What you have to do ▸ From the line with "9月14日,武汉三镇队守门员" to the final line of the data below, please write out every line exactly, with no pictures.

##########

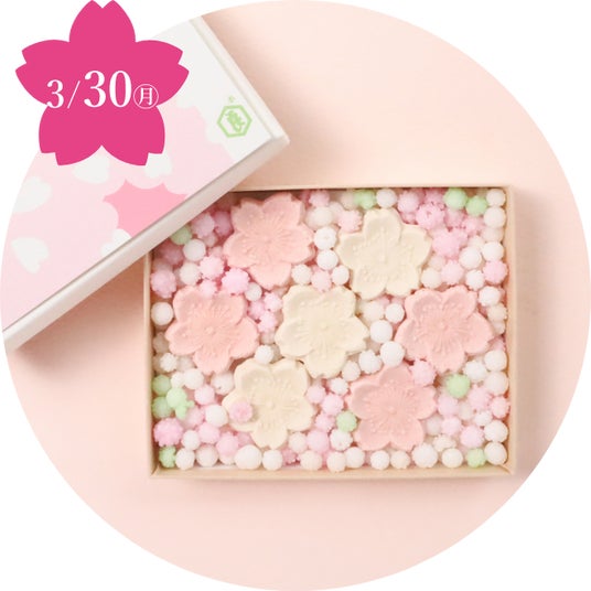 メッセージカードを添えた小箱に、桜の花の口どけのよいお⼲菓子を。
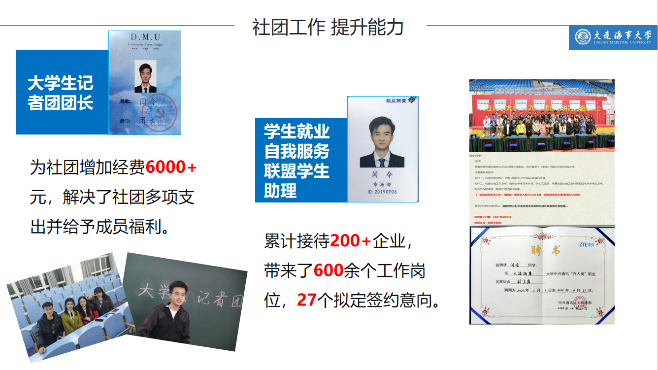 他担任校大学生记者团团长,为社团增加经费6000余元,组织大型校园活动10余场;他担任学生自我管理委员会学习部部长,坚持进行晚自习检查活动,累计工作时长800多个小时,并开展各类学习活动,帮助学弟学妹100余人;他担任学生就业自我服务联盟助理,累计接待企业200+,带来600余个工作岗位。目前,他还担任中兴通讯、华晨宝马等企业的校园大使,为就业的同学提供更多一手资讯。
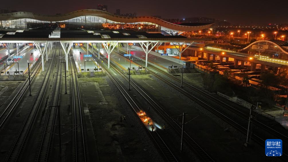 1月16日凌晨,长沙高铁工务段线路工在长沙南站沪昆场打磨钢轨(无人机照片)。
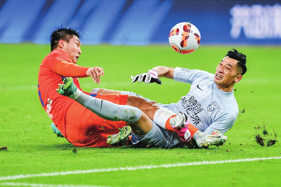 9月14日,武汉三镇队守门员吴飞(右)与山东泰山队球员郭田雨在比赛中拼抢。当日,在山东济南举行的2022赛季中国足球协会超级联赛第18轮比赛中,山东泰山队主场以1比1战平武汉三镇队。
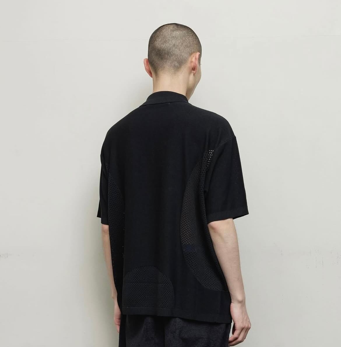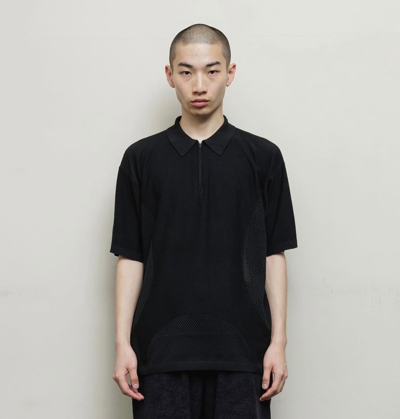 リブハイゲージのメッシュジップアップニットポロ。

##########

Solved exercise ▸
 9月14日,武汉三镇队守门员吴飞(右)与山东泰山队球员郭田雨在比赛中拼抢。当日,在山东济南举行的2022赛季中国足球协会超级联赛第18轮比赛中,山东泰山队主场以1比1战平武汉三镇队。
 リブハイゲージのメッシュジップアップニットポロ。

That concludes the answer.